Du côté ouzbek, Kamalov a déclaré à EURACTIV que des pourparlers avec des bailleurs de fonds chinois étaient en cours. « Nous avions initialement prévu de construire un consortium bancaire financé par la Banque mondiale pour soutenir ce projet, mais il a été abandonné après la prise du pouvoir par les talibans », a-t-il déclaré.

L’UE pas convaincue

Contacté par EURACTIV, le porte-parole du Service européen pour l’action extérieure (SEAE) a confirmé que, si l’UE poursuit ses plans d’investissement et d’infrastructures pour relier l’Asie centrale à l’Asie du Sud, elle « ne peut pas inclure l’Afghanistan dans ces plans ».

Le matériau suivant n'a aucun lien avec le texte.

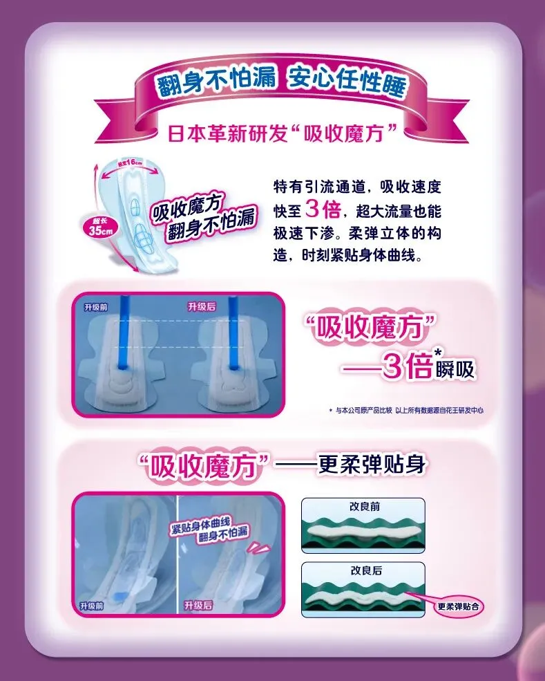 独特的凹凸型吸收体,达到迅速吸收,整夜防漏,吸水更快更干爽。10万+魔力吸水珠,可吸收200倍,快速导流经血下渗,经血不易残留在表层。
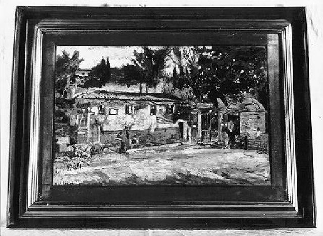 L'opera, con cornice modanata in legno dorato, è una sorta di abbozzo di grandi dimensioni: raffigura una villa - a sinistra - con cortile in primo piano animato da un cavallo al barroccio e da una figura umana. A destra, in secondo piano, subito accanto al barroccio, si trova il cancello della villa (il cui pilastro è decorato al sommo con la statua di un cane), oltre il quale è posto, di nuovo a destra, un casottino di forma cilindrica sormontato da un tetto a cupola. Sullo sfondo l'alta vegetazione costituisce una macchia scura contrapposta alle tonalità chiare - arancioni e grigi - che caratterizzano il cortile della villa e l'abitazione stessa. A sinstra, sempre sullo sfondo tra le fronde degli alberi si intravede un casolare. Il cielo azzurro è coperto di nuvole bianche su cui su staglia il verde della vegetazione che sfuma ai lati i colori arancione e marrone.
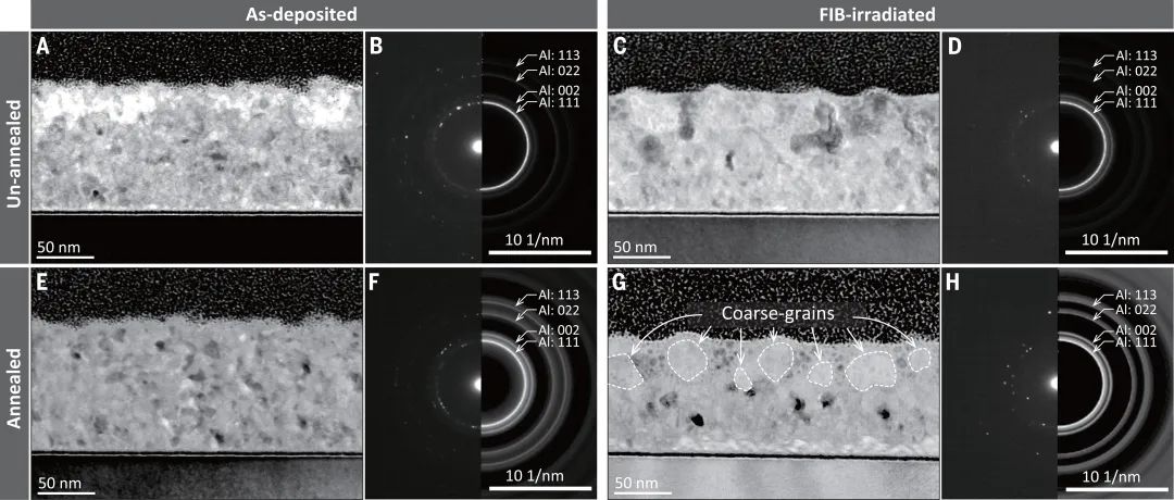 1.本文探究了为什么轻微的聚焦离子束(FIB)照射有助于纳米线(NW)生长。本文进行了晶体学分析,专注于通过扫描透射电子显微镜(STEM)的晶粒分布。图2显示了基于FIB照射、炉子退火或两者结合的薄膜截面的四个STEM-低角度暗场(LAADF)图像。FIB照射的主要影响是在晶粒分布上,在退火前后晶体状态没有可观察的变化,也没有观察到由FIB照射或炉子退火引起的晶粒中的位错和取向变化。由FIB照射引起的最显著的变化是表面附近的局部晶粒粗化(类似于晶粒生长)。FIB诱导的晶粒粗化是众所周知的,Park等人报告说FIB表面照射导致NiFe和FeCoN中的晶粒生长。
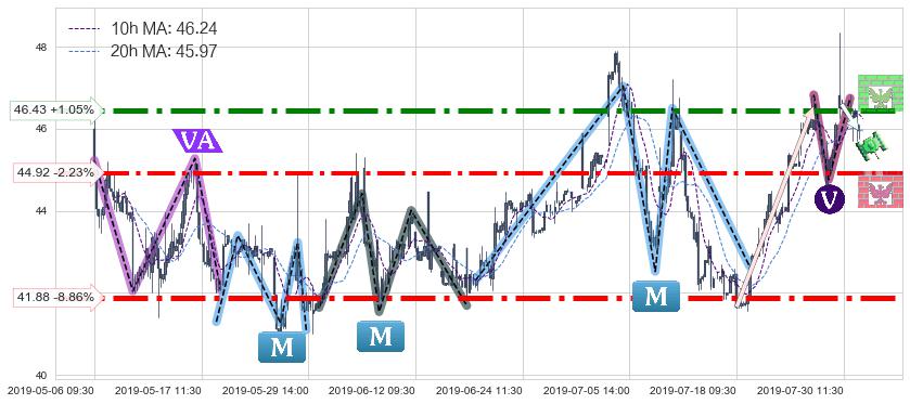 ♘ 阻力价格位46.43,可信任强度93.73%,距离最后交易2019-07-31 15:00形成的收盘价格45.95相差 +1.05%
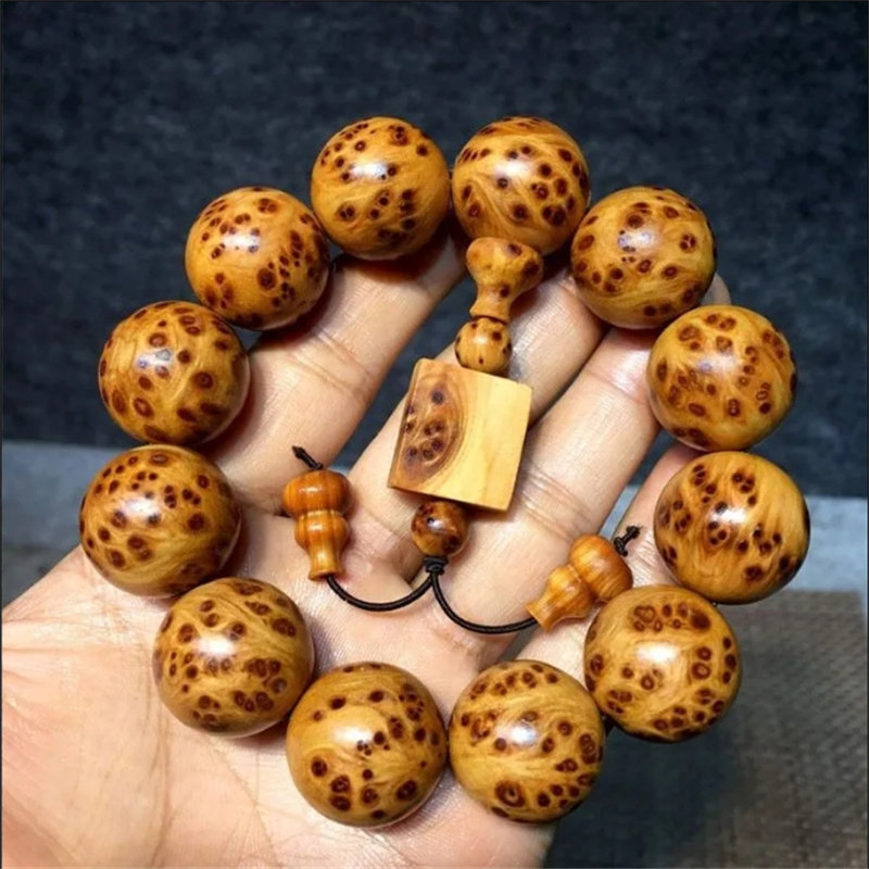 崖柏手串男满瘤疤2.0高油高密陈化老料太行岩柏文玩佛珠手链包浆
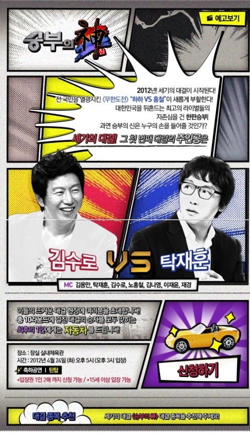 ‘승부의 신’은 ‘무한도전’에서 보여줬던 ‘하하 vs 홍철’ 특집에서 출발, 인기 연예인이 종목을 정해놓고 대결을 펼치면 관객이 승부를 예측하는 구성이다.
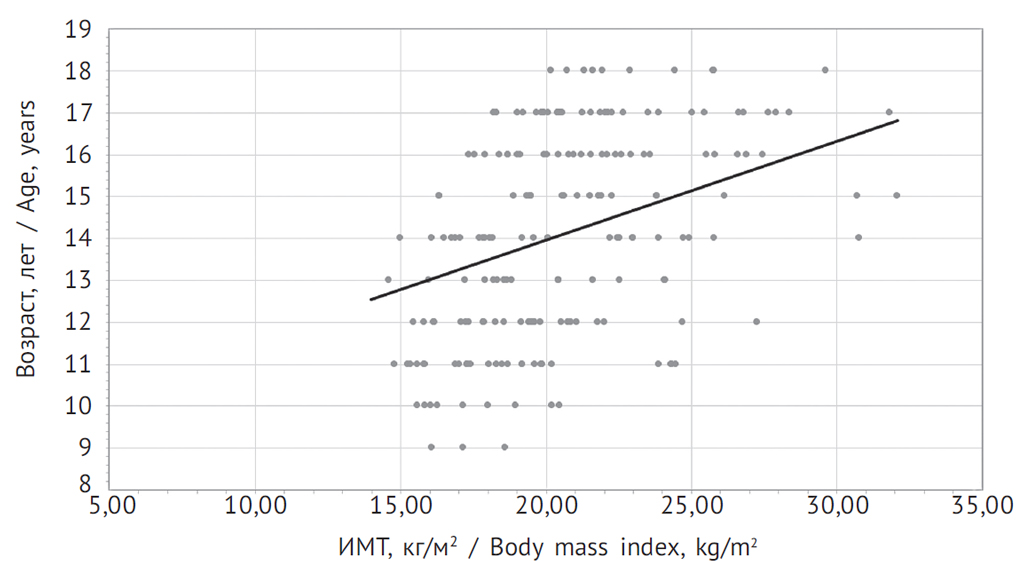 Рисунок. Корреляционная связь между возрастом и индексом массы тела
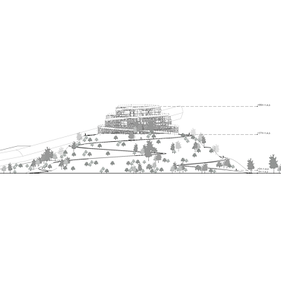 De beklimming, zoals nu ontworpen door het Rotterdamse bureau ZUS, voert via
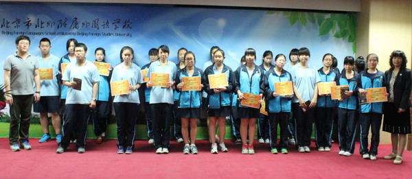 然后,大会对表现出色的同学给予表彰。关于学习方面的表彰项目有:期中考试优胜、期中各学科优胜、“春蕾杯”获奖选手;关于学校方面的表彰是年级之星;以及关于生活区方面的优秀住宿生表彰。大会还公布了高一年级的四月份年级之星。高一(7)班王瑞辉同学积极参加学校体育活动,为学校争得荣誉,年级对王瑞辉同学颁发了特出贡献奖。王主任、朱主任、刘主任等学部领导为获奖同学颁奖。
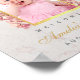 There is a baby girl photo in a faux gold foil arch, with pink orchids all around the arch. . Above it, there is a cross, also faux gold foil. Under it, the name and occasion are written in a golden calligraphic script, the welcome message and the date in small black caps. The background is white marble.
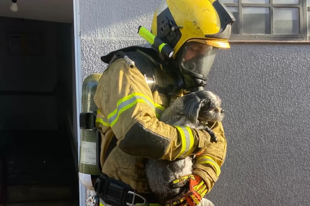 Uma idosa vivia no apartamento e conseguiu sair do local sem ferimentos, antes que as chamas se propagassem. O cachorro da moradora precisou ser resgatado, foi encaminhado para atendimento veterinário e passa bem.
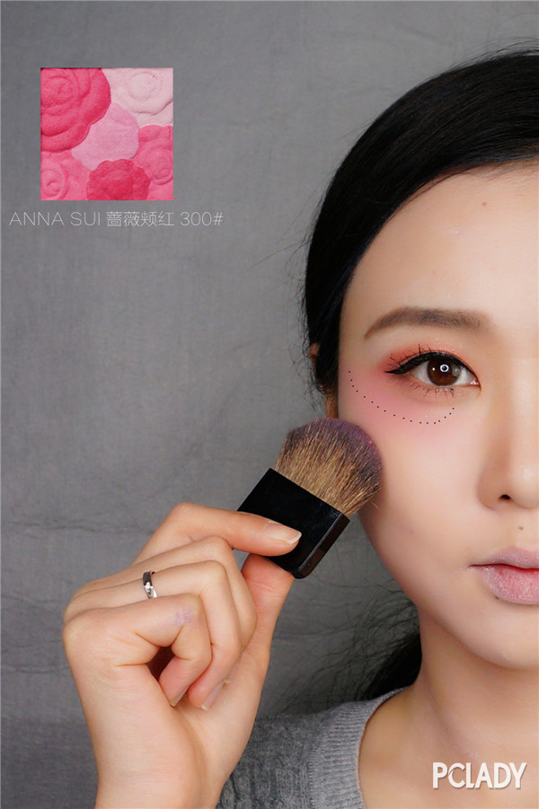 (图上有标示)腮红的画法也比较特别,画在眼部下面的位置。

« Notre non-reconnaissance du régime taliban a conduit au gel de la coopération au développement de l’UE », a expliqué le porte-parole, ajoutant que « cet engagement opérationnel augmentera en fonction du comportement de ce gouvernement ».

Les responsables ouzbeks ont cependant insisté sur le fait que le rôle des talibans dans la facilitation du développement du projet vieux de 25 ans a été important.

« Ce projet de chemin de fer n’est pas nouveau et nous avons eu des discussions avec l’ancien Afghan soutenu par les États-Unis, mais il n’a jamais eu l’impulsion qu’il a maintenant sous les talibans », a déclaré Irgashev.